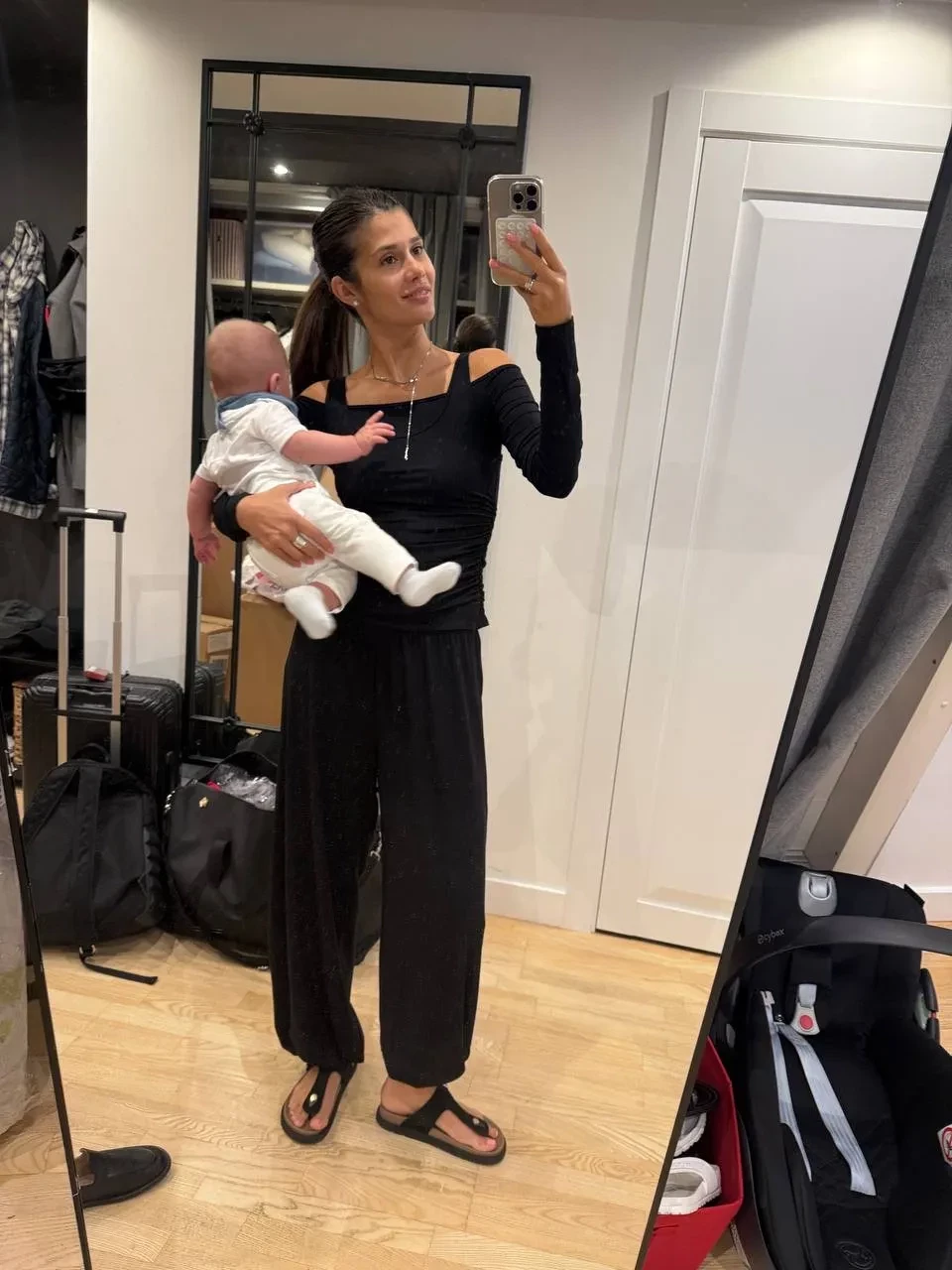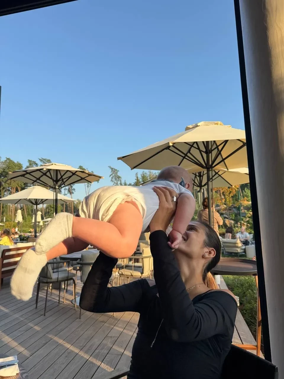 На снимках запечатлён Фёдор на руках у родителей. На одном фото можно рассмотреть часть лица мальчика, которому в сентябре исполнится пять месяцев. "Классный выходной — он такой. Вещи на заднем плане — это Саша вернулся из Питера. Бросили разбор на потом, грех в такую погоду не гулять", — подписала 24-летняя Виктория фотографии.
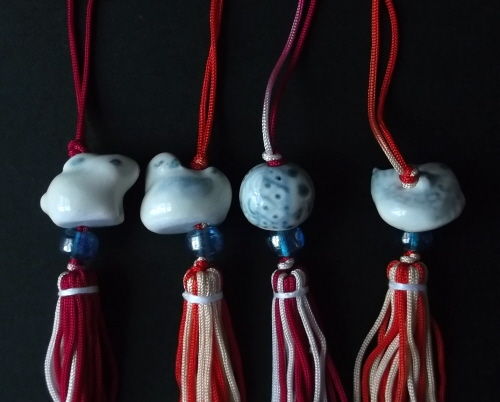呉須で着彩した焼いた陶器のビーズに、ガラスビーズとグラデーションの紐を使って根付に仕立てました。
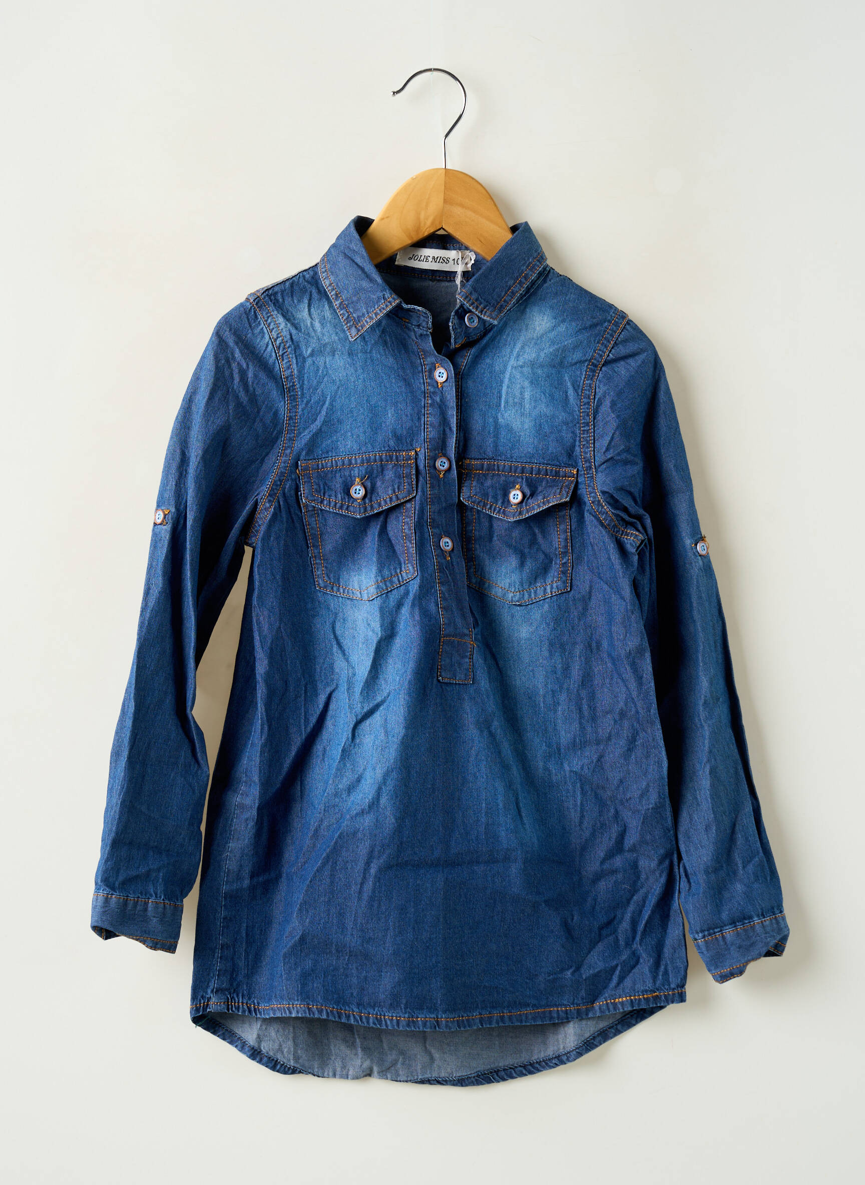 Offrez à votre fille un look tendance à tout petit prix avec cette blouse JOLIE MISS en denim, idéale pour un style décontracté et moderne. Son design soigné avec son col chemise, ses poches à rabat sur la poitrine et ses manches ajustables en fait un basique pratique et stylé, parfait pour toutes les occasions du quotidien sans vous ruiner. Profitez de ce bon plan pour ajouter une pièce intemporelle à sa garde-robe, à prix mini.
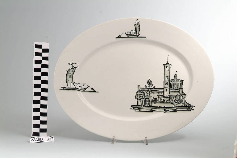 Piatto da portata ovale di colore bianco decorato con tre scorci lacustri nelle variazioni del grigio e del nero.

- - - - - - -

__WORK ITEM__: Every line above needs to be written out again as it stands. Pictures do not belong in the copy.

__TASK RESULT__:
 На снимках запечатлён Фёдор на руках у родителей. На одном фото можно рассмотреть часть лица мальчика, которому в сентябре исполнится пять месяцев. "Классный выходной — он такой. Вещи на заднем плане — это Саша вернулся из Питера. Бросили разбор на потом, грех в такую погоду не гулять", — подписала 24-летняя Виктория фотографии.
呉須で着彩した焼いた陶器のビーズに、ガラスビーズとグラデーションの紐を使って根付に仕立てました。
 Offrez à votre fille un look tendance à tout petit prix avec cette blouse JOLIE MISS en denim, idéale pour un style décontracté et moderne. Son design soigné avec son col chemise, ses poches à rabat sur la poitrine et ses manches ajustables en fait un basique pratique et stylé, parfait pour toutes les occasions du quotidien sans vous ruiner. Profitez de ce bon plan pour ajouter une pièce intemporelle à sa garde-robe, à prix mini.
 Piatto da portata ovale di colore bianco decorato con tre scorci lacustri nelle variazioni del grigio e del nero.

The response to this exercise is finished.